You should use promises for async operations where you don't know when it will be completed. A promise "represents an operation that hasn't completed yet, but is expected in the future." (https://developer.mozilla.org/en/docs/Web/JavaScript/Reference/Global_Objects/Promise)
An example implementation would be like:
myApp.factory('myService', function($http) {
var getData = function() {
// Angular $http() and then() both return promises themselves
return $http({method:"GET", url:"/my/url"}).then(function(result){
// What we return here is the data that will be accessible
// to us after the promise resolves
return result.data;
});
};
return { getData: getData };
});
function myFunction($scope, myService) {
var myDataPromise = myService.getData();
myDataPromise.then(function(result) {
// this is only run after getData() resolves
$scope.data = result;
console.log("data.name"+$scope.data.name);
});
}
Edit: Regarding Sujoys comment that
What do I need to do so that myFuction() call won't return till .then() function finishes execution.

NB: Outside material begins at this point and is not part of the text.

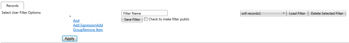 <telerik:RadAjaxManagerProxy ID="RadAjaxManagerProxy1" runat="server"> <AjaxSettings> <telerik:AjaxSetting AjaxControlID="RadFilter1"> <UpdatedControls> <telerik:AjaxUpdatedControl ControlID="RadFilter1" /> </UpdatedControls> </telerik:AjaxSetting> <telerik:AjaxSetting AjaxControlID="chk_FILTER_IS_PUBLIC"> <UpdatedControls> <telerik:AjaxUpdatedControl ControlID="chk_FILTER_IS_PUBLIC" /> </UpdatedControls> </telerik:AjaxSetting> <telerik:AjaxSetting AjaxControlID="btnSaveFilter"> <UpdatedControls> <telerik:AjaxUpdatedControl ControlID="btnSaveFilter" /> <telerik:AjaxUpdatedControl ControlID="ddl_FilterList" /> <telerik:AjaxUpdatedControl ControlID="txt_FILTER_NAME" /> <telerik:AjaxUpdatedControl ControlID="chk_FILTER_IS_PUBLIC" /> </UpdatedControls> </telerik:AjaxSetting> <telerik:AjaxSetting AjaxControlID="btnLoadFilter"> <UpdatedControls> <telerik:AjaxUpdatedControl ControlID="RadFilter1"></telerik:AjaxUpdatedControl> <telerik:AjaxUpdatedControl ControlID="btnLoadFilter" /> </UpdatedControls> </telerik:AjaxSetting> <telerik:AjaxSetting AjaxControlID="btnDeleteFilter"> <UpdatedControls> <telerik:AjaxUpdatedControl ControlID="btnDeleteFilter" /> <telerik:AjaxUpdatedControl ControlID="ddl_FilterList" /> </UpdatedControls> </telerik:AjaxSetting> </AjaxSettings> </telerik:RadAjaxManagerProxy><%--<asp:Panel runat="server" ID="pUSER_FILTERS" GroupingText="User Filters Control" Width="1240px" Visible="True">--%> <table width="1240"> <tr> <td align="left" valign="top" style="width: 200px"> <asp:Label ID="Label1" runat="server" Text="Select User Filter Options:"></asp:Label> </td> <td align="left" valign="top" style="width: 200px"> <telerik:RadFilter runat="server" ID="RadFilter1" ShowApplyButton="true" SettingsFormatter="BinaryFormatter" > </telerik:RadFilter> </td> <td align="left" valign="top" style="width: 400px"> <telerik:RadTextBox ID="txt_FILTER_NAME" runat="server" DisplayText="Filter Name" Style="float: left"> </telerik:RadTextBox> <telerik:RadButton ID="btnSaveFilter" runat="server" Text="Save Filter" Style="float: left"> </telerik:RadButton> <asp:CheckBox ID="chk_FILTER_IS_PUBLIC" runat="server" AutoPostBack="true" Text="Check to make filter public" Style="float: left" /> </td> <td align="left" valign="top" style="width: 400px"> <telerik:RadComboBox ID="ddl_FilterList" runat="server" Style="float: left"> </telerik:RadComboBox> <telerik:RadButton ID="btnLoadFilter" runat="server" Text="Load Filter" Style="float: left"> </telerik:RadButton> <telerik:RadButton ID="btnDeleteFilter" runat="server" Text="Delete Selected Filter" Style="float: left" OnClientClick="if(!confirm('Are you sure you want to delete this Filter?')) return false;"> </telerik:RadButton> </td> </tr> </table>0

function myFunction($scope, myService) {
var myDataPromise = myService.getData();
myDataPromise.then(function(result) {
$scope.data = result;
console.log("data.name"+$scope.data.name);
});
console.log("This will get printed before data.name inside then. And I don't want that.");
}
Well, let's suppose the call to getData() took 10 seconds to complete. If the function didn't return anything in that time, it would effectively become normal synchronous code and would hang the browser until it completed.

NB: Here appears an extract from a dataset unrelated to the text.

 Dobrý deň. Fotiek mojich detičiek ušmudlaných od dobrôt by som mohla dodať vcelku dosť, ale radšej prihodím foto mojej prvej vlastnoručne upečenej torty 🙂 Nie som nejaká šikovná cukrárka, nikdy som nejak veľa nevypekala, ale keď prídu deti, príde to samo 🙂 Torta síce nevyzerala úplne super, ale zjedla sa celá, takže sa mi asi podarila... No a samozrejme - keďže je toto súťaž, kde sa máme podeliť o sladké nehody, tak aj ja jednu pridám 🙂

With the promise returning instantly though, the browser is free to continue on with other code in the meantime. Once the promise resolves/fails, the then() call is triggered. So it makes much more sense this way, even if it might make the flow of your code a bit more complex (complexity is a common problem of async/parallel programming in general after all!)
for people new to this you can also use a callback for example:
In your service:
.factory('DataHandler',function ($http){
var GetRandomArtists = function(data, callback){
$http.post(URL, data).success(function (response) {
callback(response);
});
}
})
In your controller:
DataHandler.GetRandomArtists(3, function(response){
$scope.data.random_artists = response;
});
I was having the same problem and none if these worked for me. Here is what did work though...
app.factory('myService', function($http) {
var data = function (value) {
return $http.get(value);
}
return { data: data }
});
and then the function that uses it is...
vm.search = function(value) {
var recieved_data = myService.data(value);
recieved_data.then(
function(fulfillment){
vm.tags = fulfillment.data;
}, function(){
console.log("Server did not send tag data.");
});
};
The service isn't that necessary but I think its a good practise for extensibility. Most of what you will need for one will for any other, especially when using APIs. Anyway I hope this was helpful.
FYI, this is using Angularfire so it may vary a bit for a different service or other use but should solve the same isse $http has. I had this same issue only solution that fit for me the best was to combine all services/factories into a single promise on the scope. On each route/view that needed these services/etc to be loaded I put any functions that require loaded data inside the controller function i.e. myfunct() and the main app.js on run after auth i put
myservice.$loaded().then(function() {$rootScope.myservice = myservice;});
and in the view I just did
ng-if="myservice" ng-init="somevar=myfunct()"
in the first/parent view element/wrapper so the controller can run everything inside
myfunct()
without worrying about async promises/order/queue issues. I hope that helps someone with the same issues I had.